Notwithstanding all that is said above, and the injustice that has happened … this is a powerful film that white America should see.

Helen Kromm

There are several aspects of this that are left unsaid in the first paragraph describing the controversial nature of the film. Parker’s Colleague in the making of this production goes unnamed, nor is mention made that this colleague (Jean Celestin) was in fact convicted of sexual assault. That conviction was overturned by the Supreme Court on the grounds that his attorney did not provide adequate representation. He would have been retried, but the prosecutor felt that is was impossible years later to gather together all of the original witnesses.

I think it’s also important to mention, at least in passing, a few of the particulars regarding the victim. She was a 4.0 university student, and by all accounts, appeared to have bright future ahead of her. That was true until this incident invaded her life. Eleven years after the trial, she was dead after ingesting over 200 pills.

I would invite anyone to draw their own conclusions about this case by reading the exhaustive research provided by the “Daily Beast”:

Be forewarned that it is a tough and graphic read.

I think another important consideration here is the time frame when all of this transpired. Had these events occurred now, and with what we know regarding what is and is not informed consent, and what has transpired in terms of legislation regarding consent, the trial results would have been different.

So I for one have no interest in a review of this film. There are activities and crimes that I believe preclude celebrity for those that engage in such activities and crimes.

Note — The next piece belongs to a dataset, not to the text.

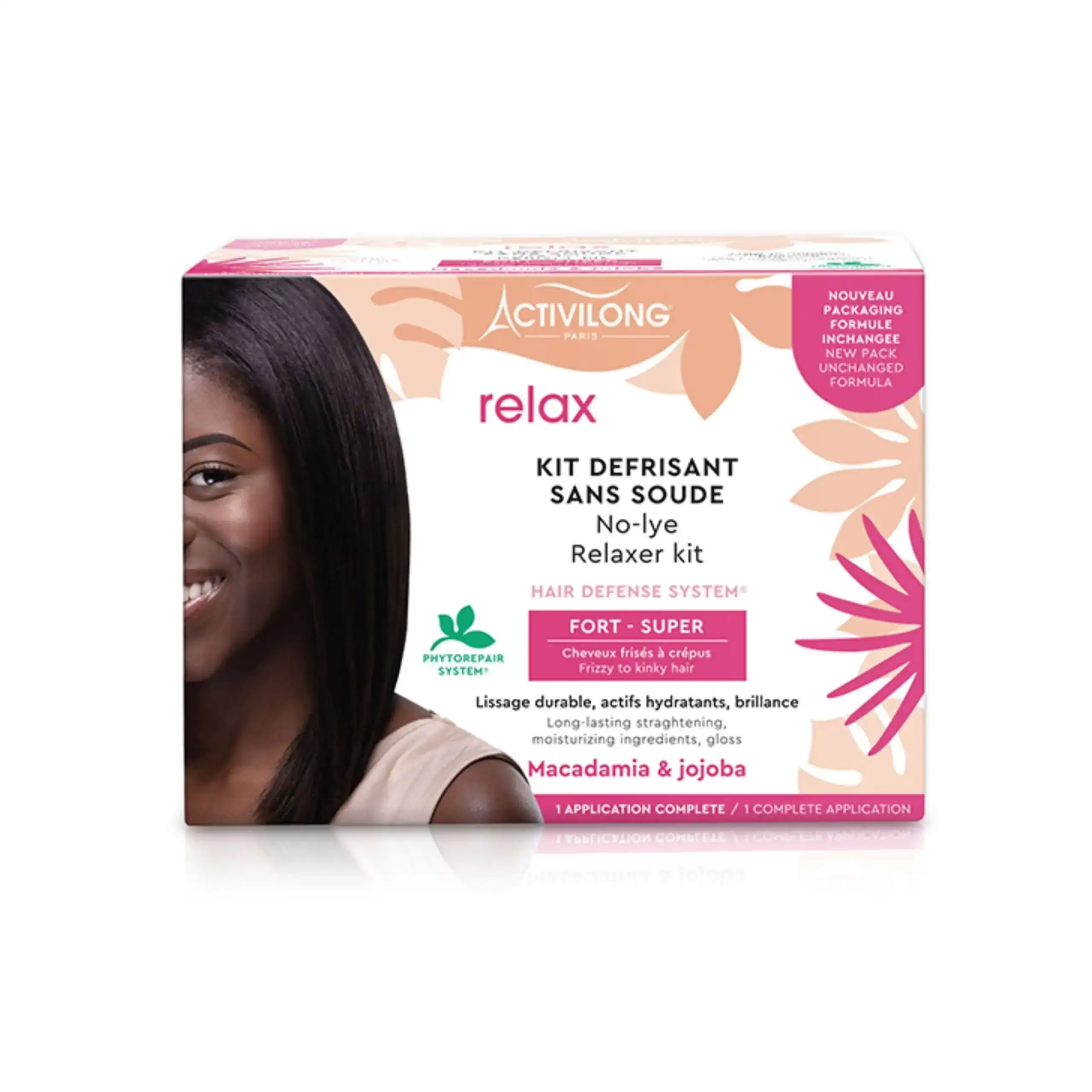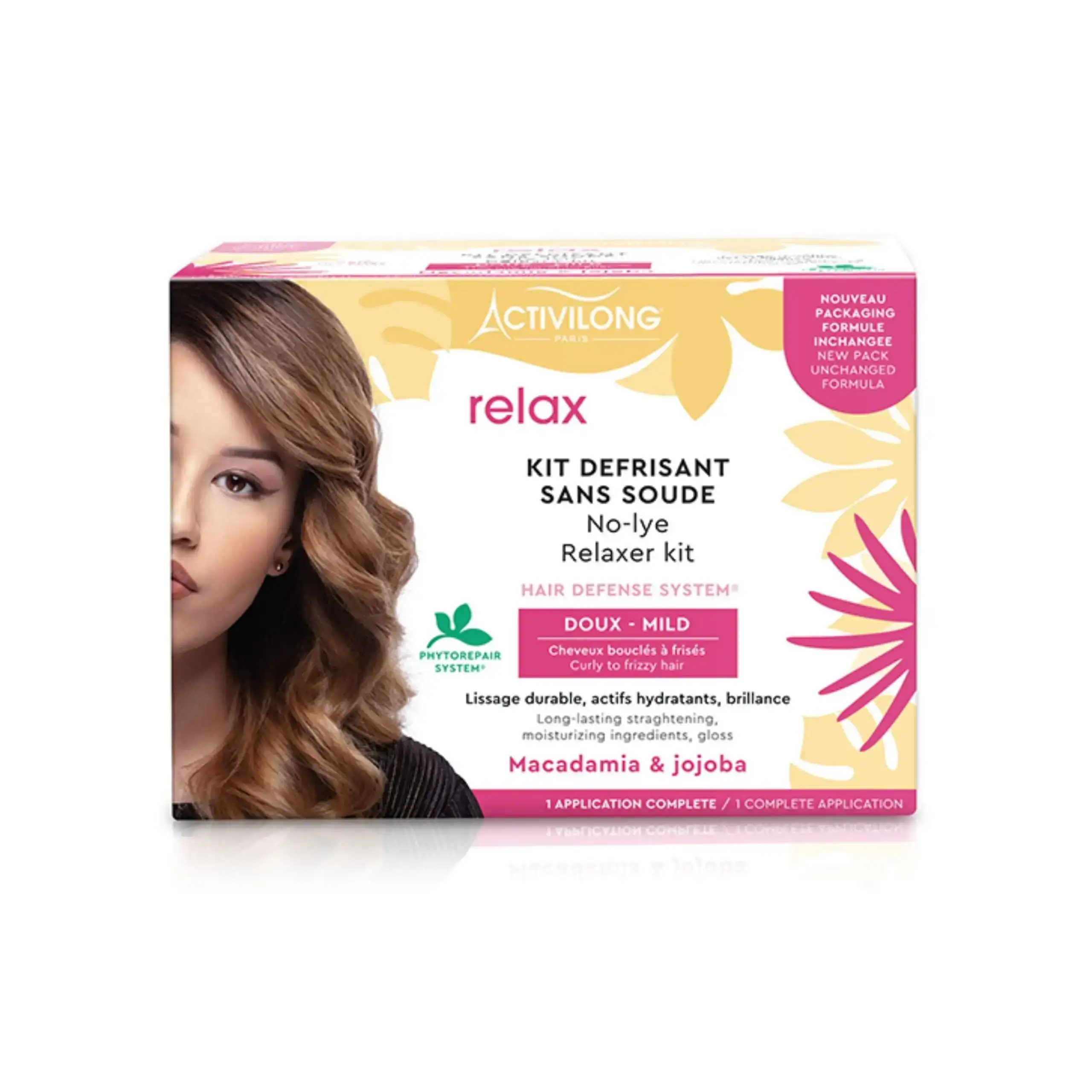 Le Kit de Défrisant sans soude Activilong enrichi en huile de macadamia et de jojoba est idéal pour lisser les cheveux texturisés. Sa formule concentrée en huile apporte hydratation et brillance aux cheveux après le défrisage. Lissage durable avec un résultat incomparable Actifs hydratants Sans Soude Existe en 3 formules : Doux/ Mild : Cheveux Fins et Fragiles Normal/ Regular : Cheveux Fins à Normaux Fort/ Super : Cheveux épais et résistants Conseils d’utilisation : Lire impérativement le mode d’emploi avant toute utilisation. Précautions d’emploi : Ne convient pas aux enfants Ne pas utiliser sur le cuir chevelu irrité ou lésé Utiliser uniquement la force adaptée à son type de cheveux En cas de contact avec les yeux, rincer immédiatement Ce kit contient les produits pour une application :1 pot de crème défrisante sans soude : 200g1 sachet d’activateur crème : 30g1 sachet d Régulateur Cuticulaire : 25 ml1 flacon de shampoing neutralisant avec indicateur coloré : 50ml1 sachet de lait capillaire Macadamia et Jojoba : 15 ml1 paire de gants et 1 spatule1 notice explicative complète Ingrédients : Crème Défrisante : Aqua ( Water), Paraffinum Liquidum ( Mineral Oil), Behenyl Alcohol, Guanidine Carbonate, Cera Microcristallina ( Microcrystalline Wax), Propylene Glycol, Beheneth-25, Cetyl Alcohol, Peg-75 Lanolin, Polyquaternium-6, Parfum ( Fragrance), Butyrospermum Parkii ( Shea) Butter, Calophyllum Tacamahaca Seed Oil, Macadamia Ternifolia Seed Oil, Oxidized Corn Oil, Simmondsia Chinensis ( Jojoba) Seed Oil, Bht. Crème Activatrice : C11-13 Isoparaffin, Calcium Hydroxide, Paraffinum Liquidum ( Mineral Oil), Laureth-4, Disteardimonium Hectorite, Propylene Carbonate, Bht. Régulateur Cuticulaire : Aqua ( Water), Polyquaternium-10, Urea, Peg-75 Lanolin, Polyquaternium-22, Phenethyl Alcohol, Hydrolyzed Sweet Almond Protein, Panthenol, Parfum ( Fragrance), Tetrasodium Edta, Aloe Barbadensis Leaf Juice Powder, Ethylhexylglycerin, Propylene Glycol, Ananas Sativus ( Pineapple) Fruit Extract, Citrus Limon ( Lemon) Fruit Extract, Passiflora Edulis Fruit Extract, Saccharum Officinarum ( Sugar Cane) Extract, Alcohol Denat., Sodium Benzoate, Hibiscus Sabdariffa Flower Extract, Sorbitol, Bht, Citric Acid, Tocopherol, Phenoxyethanol, Potassium Sorbate, Disodium Edta, Sodium Bisulfite. Shampooing Neutralisant : Aqua ( Water), Sodium Laureth Sulfate, Cocamidopropyl Betaine, Coco- Glucoside, Peg-200 Hydrogenated Glyceryl Palmate, Maris Sal ( Sea Salt), Parfum ( Fragrance), Peg-7 Glyceryl Cocoate, Quaternium-80, Disodium Edta, Sodium Benzoate, Potassium Sorbate, Citric Acid, Limonene, Propylene Glycol, Phenolsulfonphthalein. Lait Capillaire : Aqua ( Water), Helianthus Annuus ( Sunflower) Seed Oil, Triisostearin, Coco- Caprylate/ Caprate, Cetearyl Alcohol, Cetyl Palmitate, Cetearyl Glucoside, Macadamia Ternifolia Seed Oil, Simmondsia Chinensis ( Jojoba) Seed Oil, Quaternium-91, Phenethyl Alcohol, Cetrimonium Methosulfate, Parfum ( Fragrance), Tocopheryl Acetate, Panthenol, Glycerin, Tribehenin, Ethylhexylglycerin, Cetyl Alcohol, Aloe Barbadensis Leaf Juice Powder, Limonene, Rosmarinus Officinalis ( Rosemary) Leaf Extract, Cinnamal, Eugenol, Citric Acid, Tocopherol.
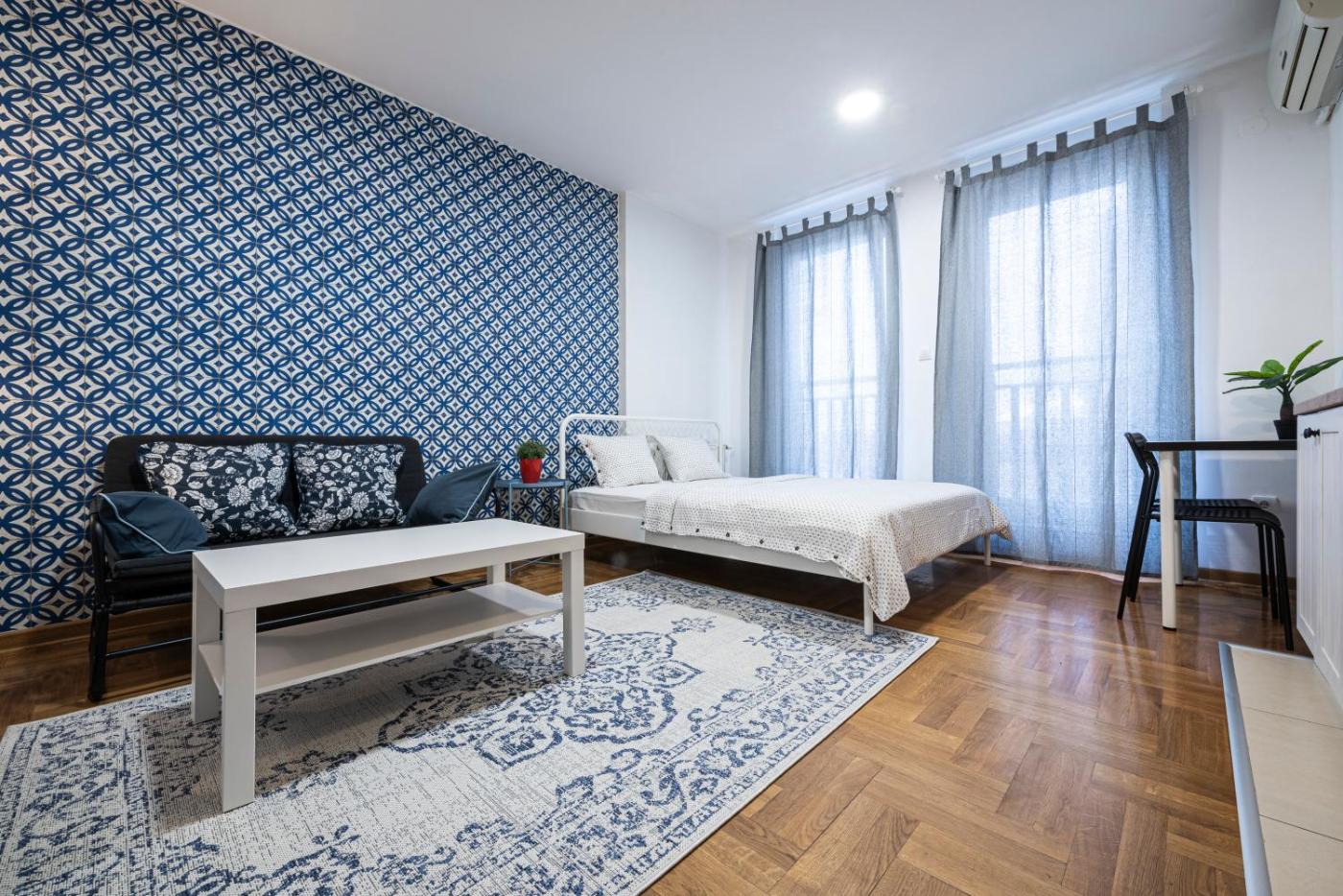 Studio Apartment. Boasting a private entrance, this air-conditioned apartment features 1 living room, 1 separate bedroom and 1 bathroom with a bath and a shower. In the fully equipped kitchen, guests will find a stovetop, a refrigerator, kitchenware and a microwave. The apartment features a flat-screen TV with streaming services, a washing machine, soundproof walls, a tea and coffee maker as well as city views. The unit has 2 beds.

And you have to ask, where does it stop? As very recent events seem to indicate, it doesn’t even stop in the pursuit of the White House. Some of us, many of us, and for whatever insane reason, feel an obligation to celebrate those that would denigrate and disparage women.

And now, at least to an extent, such celebration comes to the pages of an Episcopal publication.

David Allen

Here’s to hoping that you aren’t selective in your self-sensoring and encoragement of others to do the same. I hope that you turn the radio off when a Michael Jackson song comes on, not just the ones that he sings, but the ones that he wrote as well. And Woody Allen, etc., etc., etc.

Ann Fontaine

Wish this piece did not associate “dark” with bad.

James Byron

On the issue of the accusation: art exists separately from the artist (else we’d never be able to look at a Caravaggio); and in any case, Parker was acquitted.